▶ Source material:
================================

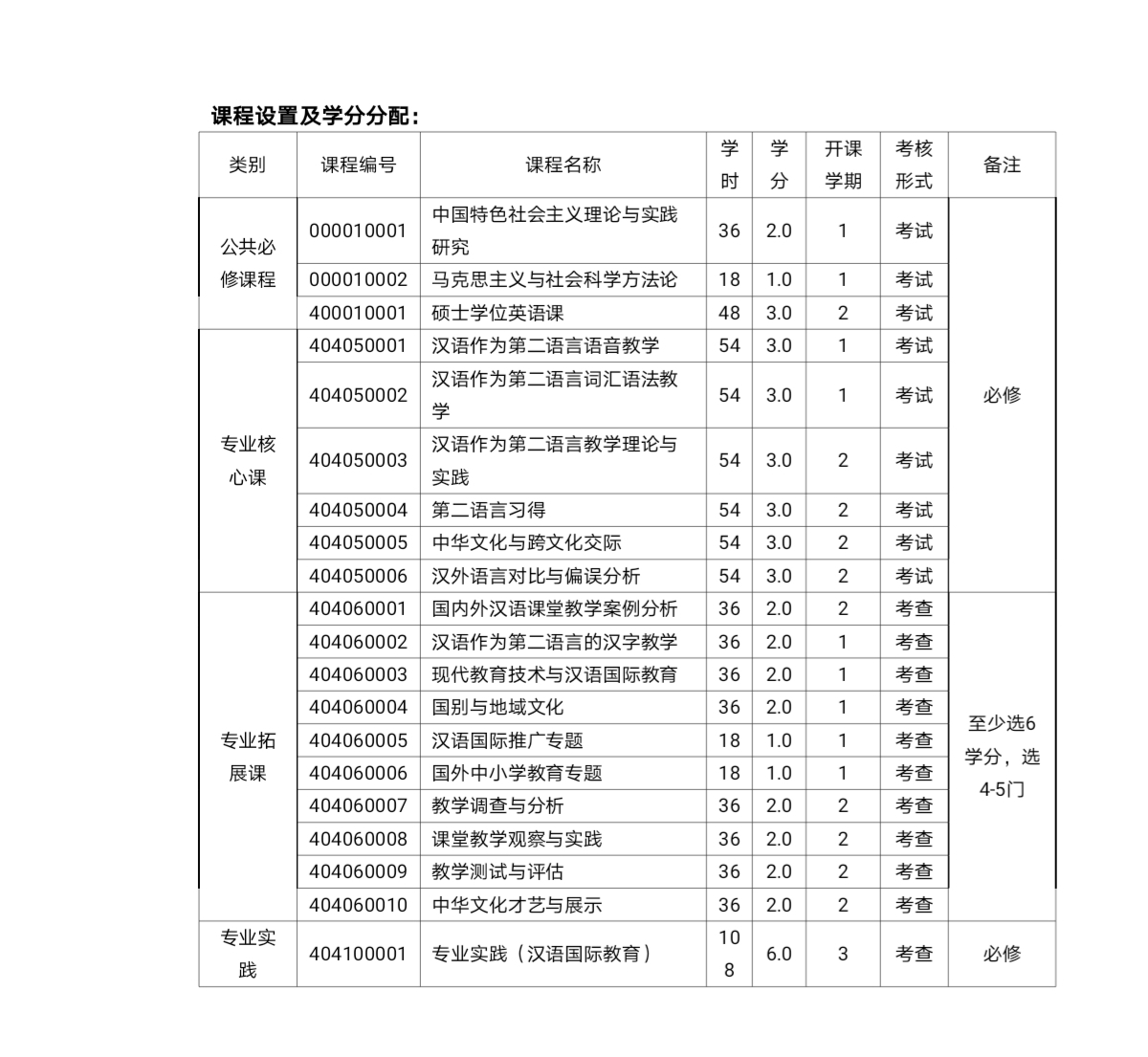国际硕士研究生:汉语(3学分)和中国概况(3学分)为公共必修课;若在本科阶段已修过中国概况,可申请免修,但不免考,通过考试后获得学分。
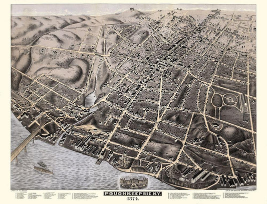 Poughkeepsie New York - Bailey 1874 White Modern Wood Framed Art Print with Double Matting by Bailey
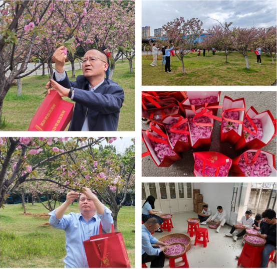 活動(dòng)開(kāi)始前,技術(shù)質(zhì)量中心相關(guān)人員介紹了櫻花采摘要求。隨后,在春日高照下,大家進(jìn)入櫻花園,專心致志挑選、采摘櫻花,左腕提袋,右手摘花,輕摘輕放,去梗去葉,熱情滿滿。在20余名黨員的共同努力下,共采摘櫻花20余斤。
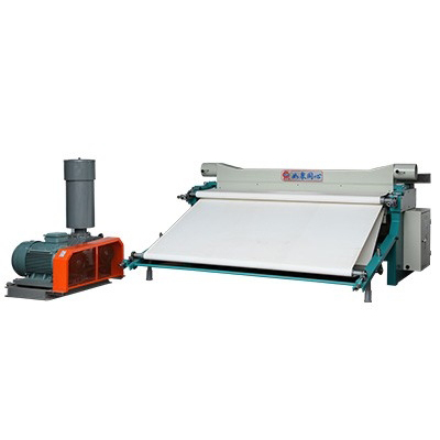 本機是利用輸送帶將皮革帶入,通過三組0.15~0.20mm間隙的吹風口,配合鼓風機、離心風機及集塵箱來達到消除皮粉,清潔皮革的目的。該機械與簡易打粉機相比提高80%的效率,吸塵效果明顯,并且錯作簡便、速度快,可做無極變速,鼓風機輸出量為300m3/H,配合使用的離心風機吸入量為13160m3/H。
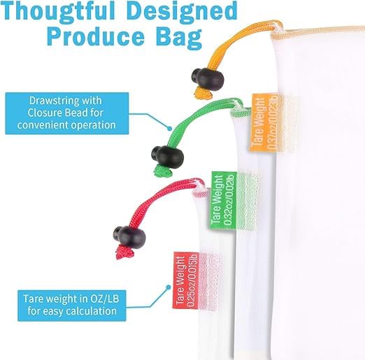 - REUSABLE DESIGN: Set of 15 premium mesh produce bags in 3 different sizes with drawstring closure for convenient storage and organization
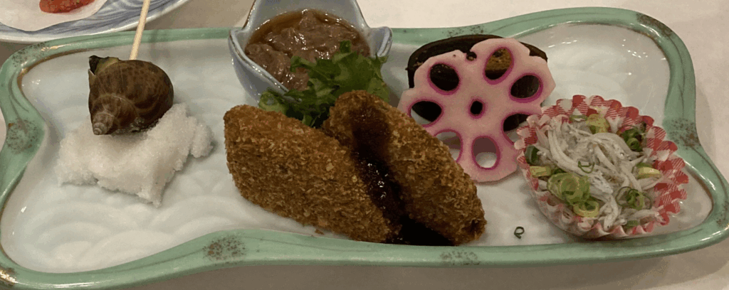 たとえば、しらすを使った和え物やサザエ、地元で作られた酒盗、そして揚げ物など、いずれも素材の持ち味を丁寧に引き出す控えめな味付けでした。
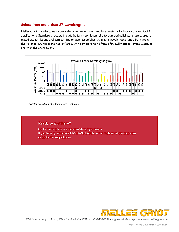 Melles Griot compact diode pumped solid state laser features high stability, excellent beam quality M2<1.2, and long life times. Designed for a wide variety of uses in the laboratory and the low power consumption makes it ideal for integration into laser systems. DPSS laser has optional modulation. CW Laser output power up to 50 mW at a wavelength of 488nm.
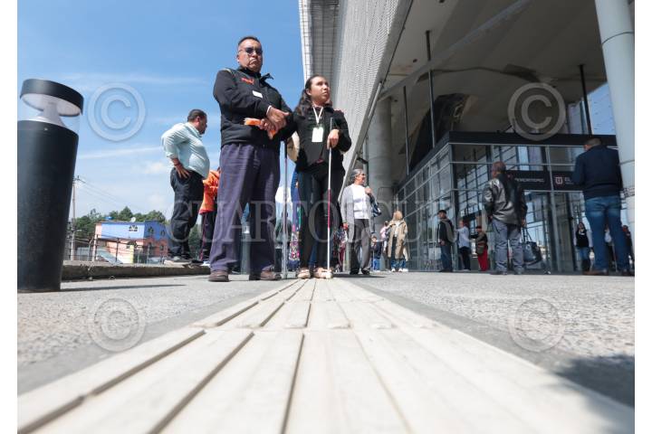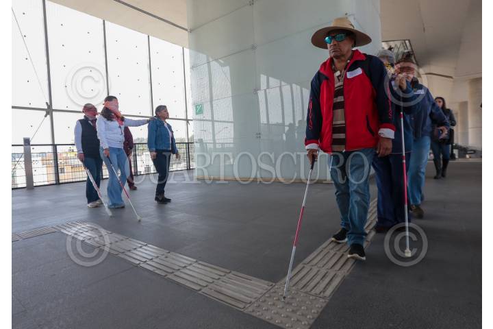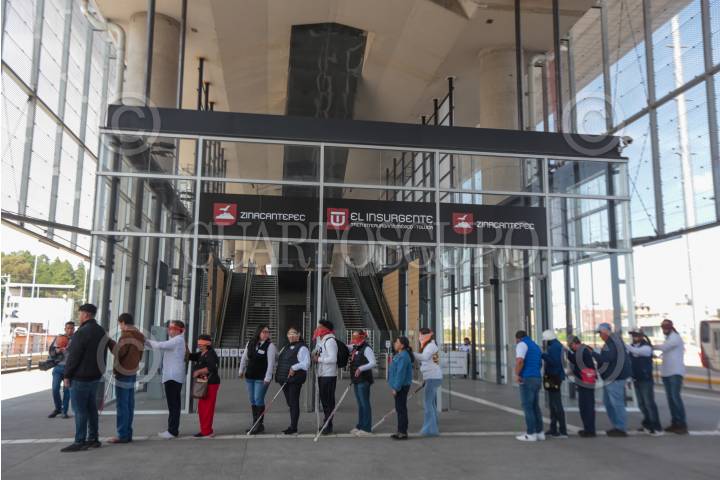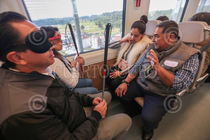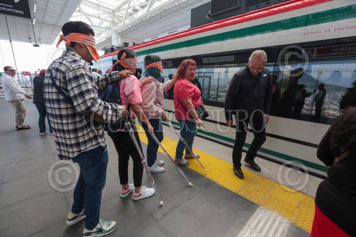 TOLUCA, ESTADO DE MÉXICO, 17OCTUBRE2023.- En el marco del Día Internacional al del Bastón Blanco fue organizado un recorrido en el Tren Interurbano “El Insurgente” para personas ciegas, débiles visuales y población en general con el objetivo de sensibilizar a la ciudadanía sobre las dificultades a las que se enfrentan al utilizar medios de transporte como este; este viaje fue organizado por el DIFEM y se dio también una capacitación para conocer los usos y significados del Bastón Blanco. FOTO: CRISANTA ESPINOSA AGUILAR /CUARTOSCURO.COM

================================

Repeat the material exactly, without images.

▶ Written solution:
国际硕士研究生:汉语(3学分)和中国概况(3学分)为公共必修课;若在本科阶段已修过中国概况,可申请免修,但不免考,通过考试后获得学分。
 Poughkeepsie New York - Bailey 1874 White Modern Wood Framed Art Print with Double Matting by Bailey
 活動(dòng)開(kāi)始前,技術(shù)質(zhì)量中心相關(guān)人員介紹了櫻花采摘要求。隨后,在春日高照下,大家進(jìn)入櫻花園,專心致志挑選、采摘櫻花,左腕提袋,右手摘花,輕摘輕放,去梗去葉,熱情滿滿。在20余名黨員的共同努力下,共采摘櫻花20余斤。
 本機是利用輸送帶將皮革帶入,通過三組0.15~0.20mm間隙的吹風口,配合鼓風機、離心風機及集塵箱來達到消除皮粉,清潔皮革的目的。該機械與簡易打粉機相比提高80%的效率,吸塵效果明顯,并且錯作簡便、速度快,可做無極變速,鼓風機輸出量為300m3/H,配合使用的離心風機吸入量為13160m3/H。
 - REUSABLE DESIGN: Set of 15 premium mesh produce bags in 3 different sizes with drawstring closure for convenient storage and organization
 たとえば、しらすを使った和え物やサザエ、地元で作られた酒盗、そして揚げ物など、いずれも素材の持ち味を丁寧に引き出す控えめな味付けでした。
 Melles Griot compact diode pumped solid state laser features high stability, excellent beam quality M2<1.2, and long life times. Designed for a wide variety of uses in the laboratory and the low power consumption makes it ideal for integration into laser systems. DPSS laser has optional modulation. CW Laser output power up to 50 mW at a wavelength of 488nm.
 TOLUCA, ESTADO DE MÉXICO, 17OCTUBRE2023.- En el marco del Día Internacional al del Bastón Blanco fue organizado un recorrido en el Tren Interurbano “El Insurgente” para personas ciegas, débiles visuales y población en general con el objetivo de sensibilizar a la ciudadanía sobre las dificultades a las que se enfrentan al utilizar medios de transporte como este; este viaje fue organizado por el DIFEM y se dio también una capacitación para conocer los usos y significados del Bastón Blanco. FOTO: CRISANTA ESPINOSA AGUILAR /CUARTOSCURO.COM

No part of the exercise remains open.